I much prefer the flawed (and very human) heroes of the Whedonverse, who fight on despite their weaknesses because if they don't do the dirty work, there is no one else who will. There is a song by the Cowboy Junkies that starts out:
The beautiful is not chosen;
the chosen become beautiful.


[ edited by OneTeV on 2007-03-17 04:12 ]
hbojorquez, that was brilliant .... if really depressing. There are shows I wont watch because of the nihlistic factor &/or just exceeding my violence & brutality quota. I watched the first episode of Dirt & it left such a bad taste in my mouth, I crossed it off my list. On the other hand I've never missed an episode of The Sopranos, & my hands-down favorite film of last year was The Departed.
Sometimes art is dark & difficult, whether comtemporary or histoical .... thinking of Rome (the series) now. The first season, I didn't think I was going to be able to handle it, now I'm totally hooked because of the fine acting & overall production values. And it's not as if I didn't already know this history, it's just never before been served up so unvarnished, in the context of a "fictional" show. And who can watch this show without thinking of the state of the U.S. in the world today?

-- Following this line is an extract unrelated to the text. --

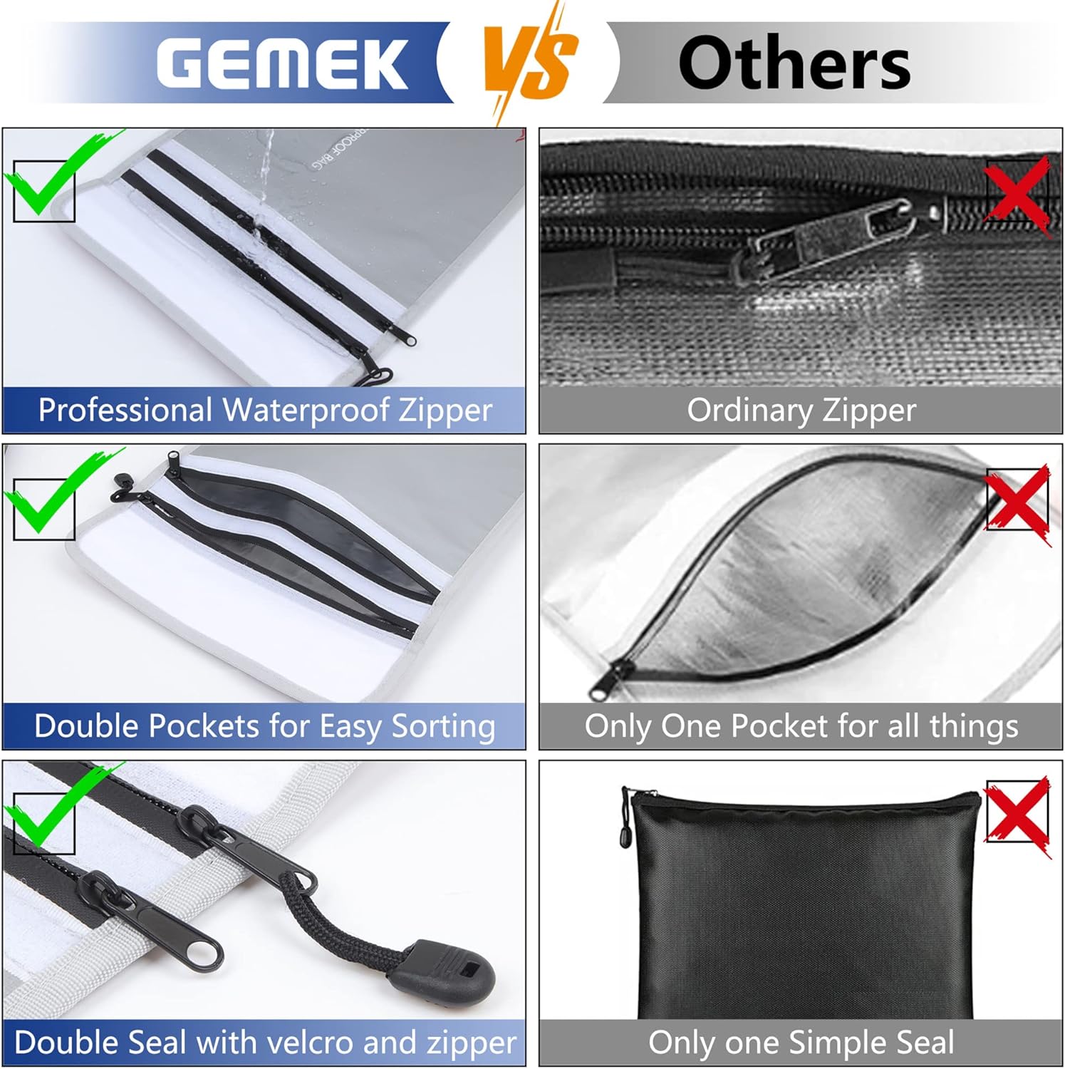 - Waterproof Design: Fireproof bag for cash and documents is sealed with 2 professional waterproof zippers that can withstand high speed spray of fire hose, providing security seal and maximum protection.

Joss's "clearly humanist" work .... what that means to me is that his work has *heart*, hope along with the dark themes, faith in individual redemption in a world populated with monsters and monsterous social constructs.
I think the closest thing on TV today is Battlestar Galactia. Without the eccentric humor, granted. So glad that Jane E. has found a home here. The SciFi/Fantasy genera allows for exploring the darkest themes from a slight remove, even while allowing yourself to become totally imersed in the human emotion contained within the stories. The genera is, IMO, our modern equivalent of the Greek myths .... the "hero's quest". And so I hope that Joss stays with the genera.
I also love that Marti Noxon has found a home with Grey's Anatomy. I think this show is really underrated. It ain't great art, but it has the two things I associate most with Joss & company's work, genera aside .... heart, and wit. And in that sense, there is Joss influence there. It will be interesting to see where it goes from here, with Marti now on board.
Not comparing the quality of my writing (that's for other people to judge, if I could get anyone ot offer an opinio, sorry,r ant over *grin) but I recall when I did my first and so far only novel-length manuscript in high school my basic writing style was Whedonish and when my teachers looked over some pages they could only think that I was writing satire.